Is waiting thee.

Adelaide Anne Procter.

Fluff woke up before they reached their destination, very much refreshed by her brief nap. When the cab stopped before the side door of Mrs. Watkins’s, and she caught sight of Fern standing on the threshold, as though she had been waiting there some time, she gave a little cry, and literally jumped into her sister’s arms.

“Oh, Fluff, Fluff! what does this mean?” exclaimed poor Fern, who had passed a most miserable afternoon, picturing Fluff being borne in a policeman’s arms to the nearest hospital; but Fluff silenced her by an embrace so vehement that it nearly produced strangulation.

“It is all right, Fern, so don’t scold me. Grandpapa was not so very angry—at least, only just at first; but he sent me in the beautifulest supper, such nice things on a big gold plate—really gold, you know, like Princess Dove’s; and Mr. Erle was there, and Percy—and oh! I forgot the poor man in the cab, who is blind—quite blind, but he is very nice too.”

“Will you let me explain about your little sister, Miss Trafford,” said Raby in his pleasant voice; and Fern, turning in some surprise, saw a very tall man in clerical dress standing beside her, as she afterward expressed it to her mother, “with the very nicest face she had ever seen.”

“I do not know if you have ever heard my name; I am Mr. Ferrers, and your friend Miss Davenport, as she calls herself, is my sister’s cousin.”

“Oh, yes, I know,” and Fern’s voice grew pitiful all at once; “and you have come just as Crystal has left us; did Florence tell you? Oh, I am so sorry, so very sorry.”

“Yes, the child told me; but there is much that I want to ask you. May I come in?
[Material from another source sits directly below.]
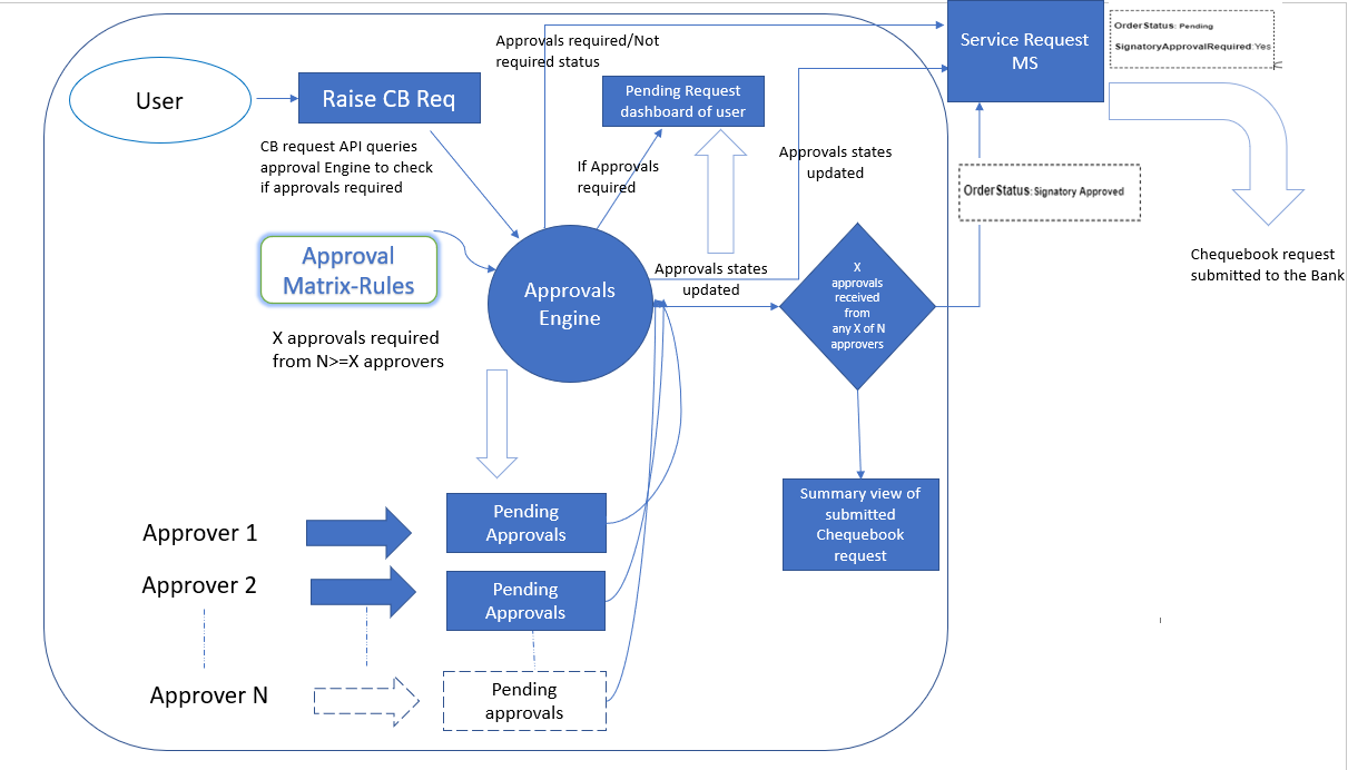 | Check book request – Approvals required | User (Initiator) triggers cheque book request |

The cab will wait for me.” And then, as Fern guided him up the narrow staircase, she told him that her mother was out—an evening class had detained her; and she had been thankful that this had been the case, and that she should have been spared the anxiety about Fluff. Mrs. Watkins’s boy was scouring the neighborhood, making inquiries of every one he met; and she had just made up her mind to send for her mother when the cab drove up.

“And she really found her way to Belgrave House?” asked Fern, in a voice between laughing and crying; “oh, what will mother say,” and she listened with eagerness to Mr. Ferrers’s account of how the child had accosted him, and of her meeting with Mr. Huntingdon.